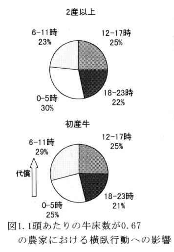 3.1頭あたりの牛床数が一番少ない農家において、全横臥時間に占める0〜5時の割合は初産牛が25%であり、2産以上の牛(30%)よりも少ないが、6〜11時の割合は初産牛で29%と2産以上の牛(23%)より多い傾向があり、初産牛は夜間の横臥の不足分を昼間に補っている(図1)。
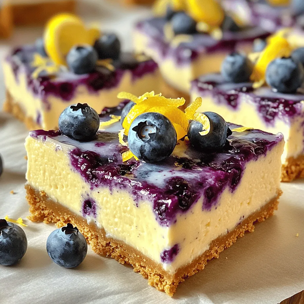 To make these tasty bars, you will need: - 1 ½ cups graham cracker crumbs - ½ cup unsalted butter, melted - 2 tablespoons sugar - 16 oz cream cheese, softened - ½ cup sugar - 2 large eggs - 2 tablespoons lemon juice - Zest of 1 lemon - 1 cup fresh blueberries - 1 tablespoon cornstarch - 1 teaspoon vanilla extract These ingredients create a creamy filling with a crisp crust. The blueberries and lemon add bright, fresh flavors that make every bite a delight. You can easily make swaps if needed. For the crust, try using almond flour for a gluten-free option. Instead of graham crackers, crushed cookies also work well. If you want a dairy-free version, use vegan cream cheese. You can also switch out blueberries for other fruits like raspberries or strawberries. Each fruit gives a unique taste and color to the bars. To make these blueberry lemon cheesecake bars, you'll need: - 8x8 inch baking pan - Parchment paper - Medium mixing bowl - Large mixing bowl - Mixer or whisk - Rubber spatula - Small bowl for blueberries Having the right tools makes the process smoother. Measure all your ingredients before you start. This helps keep things organized and fun! For the full recipe, follow the steps in detail to enjoy this easy, refreshing dessert. To start, gather your ingredients for the crust. You need graham cracker crumbs, melted butter, and sugar. Mix these in a medium bowl. Once combined, press the mixture into the bottom of an 8x8 inch baking pan. Make sure it is firm and even. Bake the crust at 350°F for 10 minutes. This step gives your bars a nice base. Let it cool slightly before moving on to the filling. Now it's time for the cheesecake filling. In a large bowl, beat the softened cream cheese with sugar until it’s smooth. Add the eggs one at a time, mixing well after each egg. Next, stir in the lemon juice, lemon zest, and vanilla extract. This mix brings a fresh flavor to your bars. In a small bowl, toss the fresh blueberries with cornstarch. This helps them not sink in the filling. Gently fold the blueberries into the cheesecake mixture. Pour the cheesecake filling over the cooled crust. Make sure it spreads evenly. Bake the bars for 25-30 minutes. Check if the edges are set, and the center should be slightly jiggly. Once done, let the bars cool at room temperature for about one hour. After that, refrigerate them for at least two hours. This cooling time helps the bars set well. When ready, lift them out using the parchment paper. Cut into squares and serve. For a fun touch, sprinkle some lemon zest on top. You can find the full recipe to guide you through these steps. To get a smooth and creamy texture, start with room-temperature cream cheese. Cold cream cheese will not mix well. Beat it until it is soft and fluffy. This step helps prevent lumps. Add eggs one at a time, mixing well after each. This keeps the batter light and airy. Cracks can spoil the look of your cheesecake bars. To avoid this, do not overmix the batter. Overmixing adds too much air. Also, bake at a lower temperature, around 325°F (160°C). This gentle heat helps the cheesecake cook evenly. If using a water bath, place the pan in a larger dish filled with water. This keeps moisture in the oven. For a lovely presentation, cut the bars into neat squares. Place them on a white plate to show off their pretty colors. Sprinkle a little lemon zest on top for a pop of color. A few fresh blueberries can make it even prettier. Add a dollop of whipped cream for extra creaminess. These small touches make your dessert shine, impressing all your guests. Check out the Full Recipe for more details. {{image_2}} You can switch the blueberries for other fruits. Raspberries, strawberries, or blackberries work well. Each fruit adds its own unique flavor. If you choose strawberries, slice them thinly. For raspberries or blackberries, just toss them in whole. This way, you’ll have a new treat each time. If you need a gluten-free option, use gluten-free graham crackers. You can also make a crust with almond flour. Mix the almond flour with melted butter and sugar. Press it into your pan like you would with regular graham crackers. The bars will still taste great! For a vegan version, swap out the cream cheese. Use a plant-based cream cheese instead. Replace the eggs with flax eggs. Mix one tablespoon of flaxseed meal with three tablespoons of water for each egg. Let it sit for a few minutes to thicken. Use maple syrup instead of sugar for sweetness. These changes keep it creamy and delicious. For the complete recipe, check the Full Recipe section. To keep your blueberry lemon cheesecake bars fresh, place them in an airtight container. If you do not have one, use plastic wrap to cover the bars tightly. This keeps out air and moisture, which can make them soggy or dry. Store the container in the fridge for best results. These cheesecake bars will last about 4 to 5 days in the fridge. After that, they may lose their flavor and texture. Always check for signs of spoilage, such as strange smells or changes in color. If they look or smell off, it’s best to throw them out. If you want to save some for later, you can freeze the bars. Cut them into squares and wrap each bar in plastic wrap. Then, place them in a freezer-safe bag or container. They can last up to 2 months in the freezer. When you're ready to eat, just thaw them in the fridge overnight. Enjoy the fresh taste, just like when you first made them! For the full recipe, check out the details above. Yes, you can use frozen blueberries. Just remember to thaw and drain them first. This keeps the cheesecake from getting too watery. Toss the thawed berries with cornstarch as you would fresh ones. This will help them stay whole while baking. Frozen blueberries can add a nice texture and flavor too. If you need a cream cheese substitute, try Greek yogurt or silken tofu. Both options work well in this recipe. Greek yogurt adds a tangy flavor, while silken tofu gives a smooth texture. You 
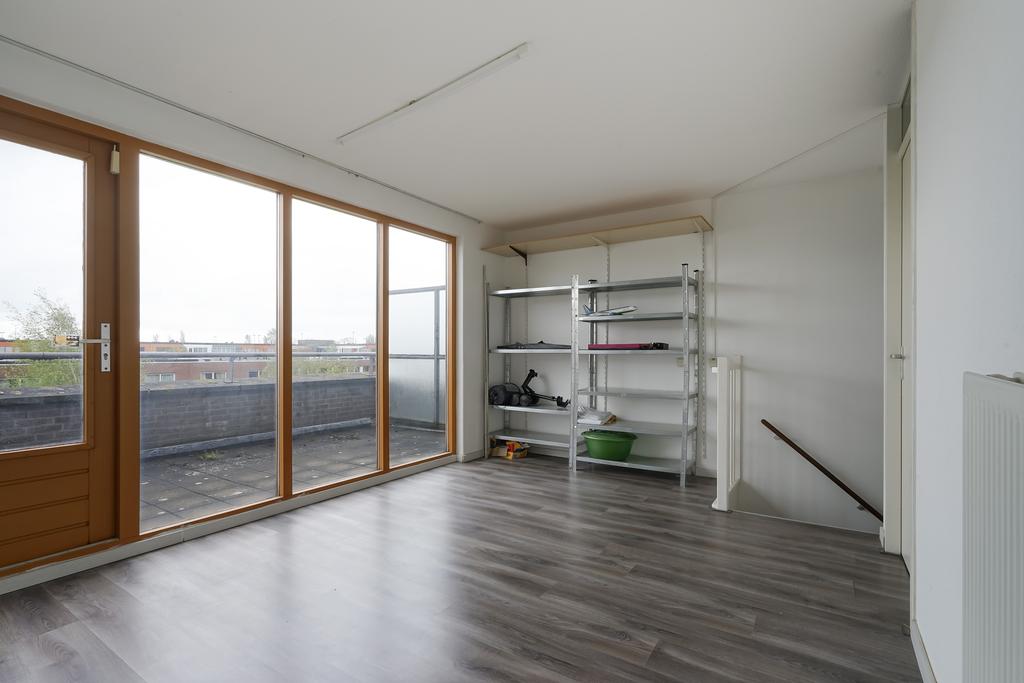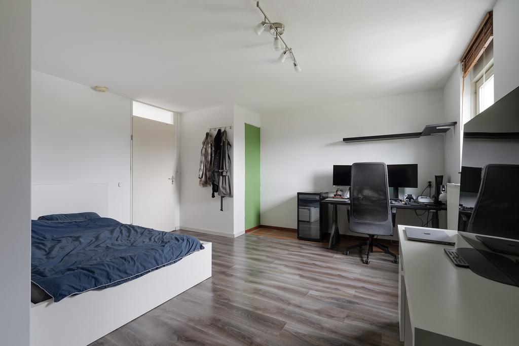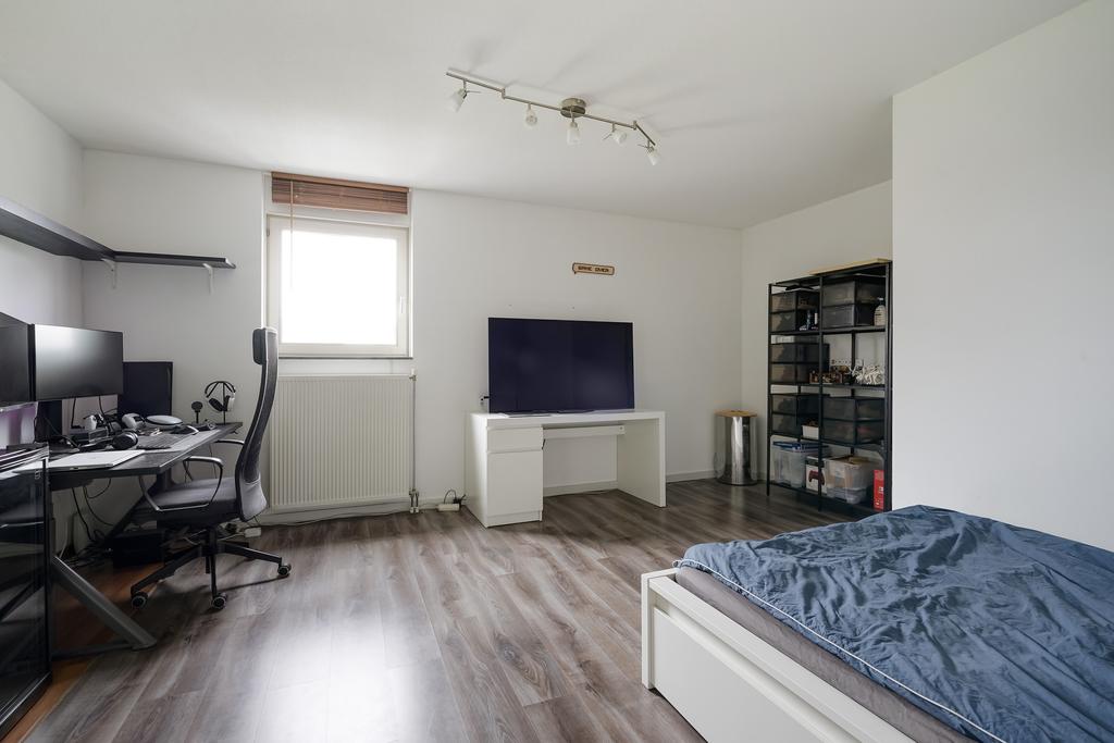 Op de 2e verdieping een ruime slaapkamer aan de voorzijde. Via de overloop heb je toegang tot het dakterras. Op de overloop de opstelplaats voor de HR combi-ketel (Remeha 2016), een warmte terugwin systeem en de omvormer unit voor de zonnepanelen (10 stuks en in eigendom). In dit gedeelte vind je ook de opstelling voor de wasmachine en wasdroger en een tweede wastafelmeubel.

* _PROBLEM TO SOLVE_: Everything in the listing is to be returned word for word, except the pictures.

* _SOLUTION TO THIS PROBLEM_:
 3.1頭あたりの牛床数が一番少ない農家において、全横臥時間に占める0〜5時の割合は初産牛が25%であり、2産以上の牛(30%)よりも少ないが、6〜11時の割合は初産牛で29%と2産以上の牛(23%)より多い傾向があり、初産牛は夜間の横臥の不足分を昼間に補っている(図1)。
 To make these tasty bars, you will need: - 1 ½ cups graham cracker crumbs - ½ cup unsalted butter, melted - 2 tablespoons sugar - 16 oz cream cheese, softened - ½ cup sugar - 2 large eggs - 2 tablespoons lemon juice - Zest of 1 lemon - 1 cup fresh blueberries - 1 tablespoon cornstarch - 1 teaspoon vanilla extract These ingredients create a creamy filling with a crisp crust. The blueberries and lemon add bright, fresh flavors that make every bite a delight. You can easily make swaps if needed. For the crust, try using almond flour for a gluten-free option. Instead of graham crackers, crushed cookies also work well. If you want a dairy-free version, use vegan cream cheese. You can also switch out blueberries for other fruits like raspberries or strawberries. Each fruit gives a unique taste and color to the bars. To make these blueberry lemon cheesecake bars, you'll need: - 8x8 inch baking pan - Parchment paper - Medium mixing bowl - Large mixing bowl - Mixer or whisk - Rubber spatula - Small bowl for blueberries Having the right tools makes the process smoother. Measure all your ingredients before you start. This helps keep things organized and fun! For the full recipe, follow the steps in detail to enjoy this easy, refreshing dessert. To start, gather your ingredients for the crust. You need graham cracker crumbs, melted butter, and sugar. Mix these in a medium bowl. Once combined, press the mixture into the bottom of an 8x8 inch baking pan. Make sure it is firm and even. Bake the crust at 350°F for 10 minutes. This step gives your bars a nice base. Let it cool slightly before moving on to the filling. Now it's time for the cheesecake filling. In a large bowl, beat the softened cream cheese with sugar until it’s smooth. Add the eggs one at a time, mixing well after each egg. Next, stir in the lemon juice, lemon zest, and vanilla extract. This mix brings a fresh flavor to your bars. In a small bowl, toss the fresh blueberries with cornstarch. This helps them not sink in the filling. Gently fold the blueberries into the cheesecake mixture. Pour the cheesecake filling over the cooled crust. Make sure it spreads evenly. Bake the bars for 25-30 minutes. Check if the edges are set, and the center should be slightly jiggly. Once done, let the bars cool at room temperature for about one hour. After that, refrigerate them for at least two hours. This cooling time helps the bars set well. When ready, lift them out using the parchment paper. Cut into squares and serve. For a fun touch, sprinkle some lemon zest on top. You can find the full recipe to guide you through these steps. To get a smooth and creamy texture, start with room-temperature cream cheese. Cold cream cheese will not mix well. Beat it until it is soft and fluffy. This step helps prevent lumps. Add eggs one at a time, mixing well after each. This keeps the batter light and airy. Cracks can spoil the look of your cheesecake bars. To avoid this, do not overmix the batter. Overmixing adds too much air. Also, bake at a lower temperature, around 325°F (160°C). This gentle heat helps the cheesecake cook evenly. If using a water bath, place the pan in a larger dish filled with water. This keeps moisture in the oven. For a lovely presentation, cut the bars into neat squares. Place them on a white plate to show off their pretty colors. Sprinkle a little lemon zest on top for a pop of color. A few fresh blueberries can make it even prettier. Add a dollop of whipped cream for extra creaminess. These small touches make your dessert shine, impressing all your guests. Check out the Full Recipe for more details. {{image_2}} You can switch the blueberries for other fruits. Raspberries, strawberries, or blackberries work well. Each fruit adds its own unique flavor. If you choose strawberries, slice them thinly. For raspberries or blackberries, just toss them in whole. This way, you’ll have a new treat each time. If you need a gluten-free option, use gluten-free graham crackers. You can also make a crust with almond flour. Mix the almond flour with melted butter and sugar. Press it into your pan like you would with regular graham crackers. The bars will still taste great! For a vegan version, swap out the cream cheese. Use a plant-based cream cheese instead. Replace the eggs with flax eggs. Mix one tablespoon of flaxseed meal with three tablespoons of water for each egg. Let it sit for a few minutes to thicken. Use maple syrup instead of sugar for sweetness. These changes keep it creamy and delicious. For the complete recipe, check the Full Recipe section. To keep your blueberry lemon cheesecake bars fresh, place them in an airtight container. If you do not have one, use plastic wrap to cover the bars tightly. This keeps out air and moisture, which can make them soggy or dry. Store the container in the fridge for best results. These cheesecake bars will last about 4 to 5 days in the fridge. After that, they may lose their flavor and texture. Always check for signs of spoilage, such as strange smells or changes in color. If they look or smell off, it’s best to throw them out. If you want to save some for later, you can freeze the bars. Cut them into squares and wrap each bar in plastic wrap. Then, place them in a freezer-safe bag or container. They can last up to 2 months in the freezer. When you're ready to eat, just thaw them in the fridge overnight. Enjoy the fresh taste, just like when you first made them! For the full recipe, check out the details above. Yes, you can use frozen blueberries. Just remember to thaw and drain them first. This keeps the cheesecake from getting too watery. Toss the thawed berries with cornstarch as you would fresh ones. This will help them stay whole while baking. Frozen blueberries can add a nice texture and flavor too. If you need a cream cheese substitute, try Greek yogurt or silken tofu. Both options work well in this recipe. Greek yogurt adds a tangy flavor, while silken tofu gives a smooth texture. You 
 Op de 2e verdieping een ruime slaapkamer aan de voorzijde. Via de overloop heb je toegang tot het dakterras. Op de overloop de opstelplaats voor de HR combi-ketel (Remeha 2016), een warmte terugwin systeem en de omvormer unit voor de zonnepanelen (10 stuks en in eigendom). In dit gedeelte vind je ook de opstelling voor de wasmachine en wasdroger en een tweede wastafelmeubel.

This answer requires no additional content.